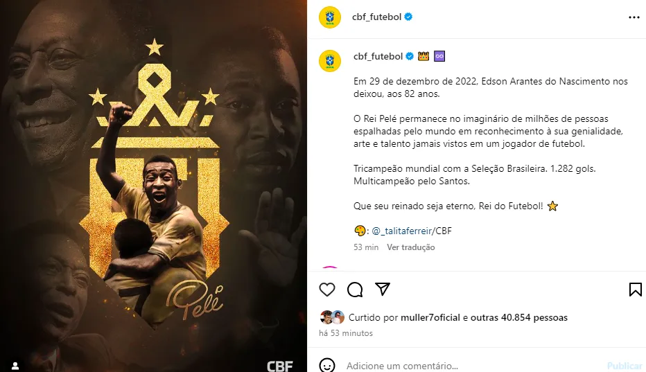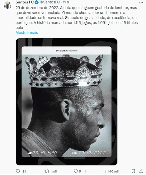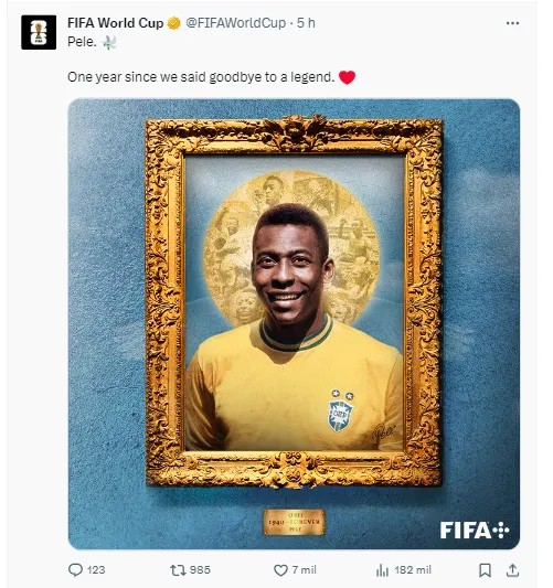 Por fim, a FIFA. A maior entidade do futebol foi mais sucinta que a CBF e a Conmebol, mas não deixou de deixar registrada sua homenagem: “Pelé. Um ano desde que nos despedimos de uma lenda”, dizia o texto, seguido de um tweet com algumas jogadas dele.
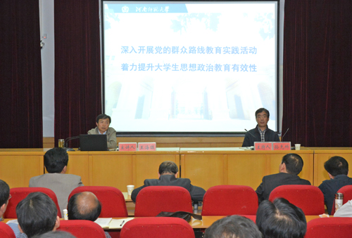 王海旺副书记在报告中指出,开展党的群众路线教育实践活动有助于牢固确立以学生为本的理念,有助于解决学生反映强烈的突出问题,有助于改进作风,贴近学生,提高思想政治教育有效性。他强调,我校大学生的思想政治状况主流持续呈现积极、健康向上的态势,但也存在许多需要关注的问题,表现在部分学生入党动机不纯,培育和践行社会主义核心价值观有待加强,学校和家庭教育互动不够,大学生宗教信仰问题值得关注,大学生对辅导员作用的发挥和素质提出更高的要求,大学生心理压力来源和倾诉渠道需要认真关注,网络对大学生思想政治教育的影响越来越大,部分学生上网时间过长等。
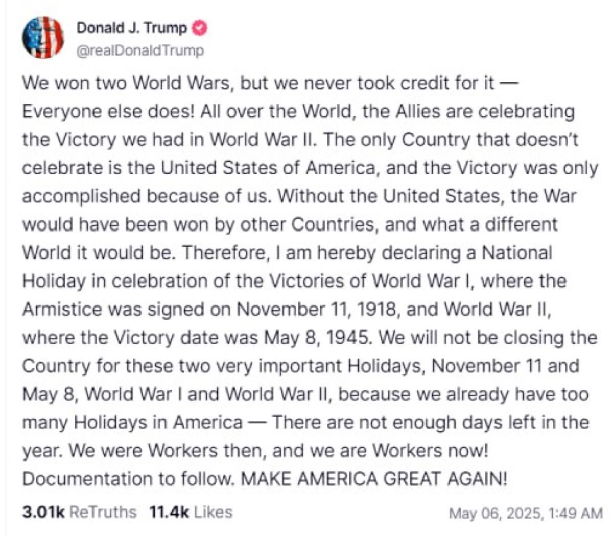 - Трамп объявил праздник в честь побед в Первой и Второй мировых войнах, но отметил, что не будет дополнительных выходных дней в эти даты.

• [Task requirements]
Return the listing above in full and exactly, omitting all pictures.

• [Result of the task]
 Por fim, a FIFA. A maior entidade do futebol foi mais sucinta que a CBF e a Conmebol, mas não deixou de deixar registrada sua homenagem: “Pelé. Um ano desde que nos despedimos de uma lenda”, dizia o texto, seguido de um tweet com algumas jogadas dele.
 王海旺副书记在报告中指出,开展党的群众路线教育实践活动有助于牢固确立以学生为本的理念,有助于解决学生反映强烈的突出问题,有助于改进作风,贴近学生,提高思想政治教育有效性。他强调,我校大学生的思想政治状况主流持续呈现积极、健康向上的态势,但也存在许多需要关注的问题,表现在部分学生入党动机不纯,培育和践行社会主义核心价值观有待加强,学校和家庭教育互动不够,大学生宗教信仰问题值得关注,大学生对辅导员作用的发挥和素质提出更高的要求,大学生心理压力来源和倾诉渠道需要认真关注,网络对大学生思想政治教育的影响越来越大,部分学生上网时间过长等。
 - Трамп объявил праздник в честь побед в Первой и Второй мировых войнах, но отметил, что не будет дополнительных выходных дней в эти даты.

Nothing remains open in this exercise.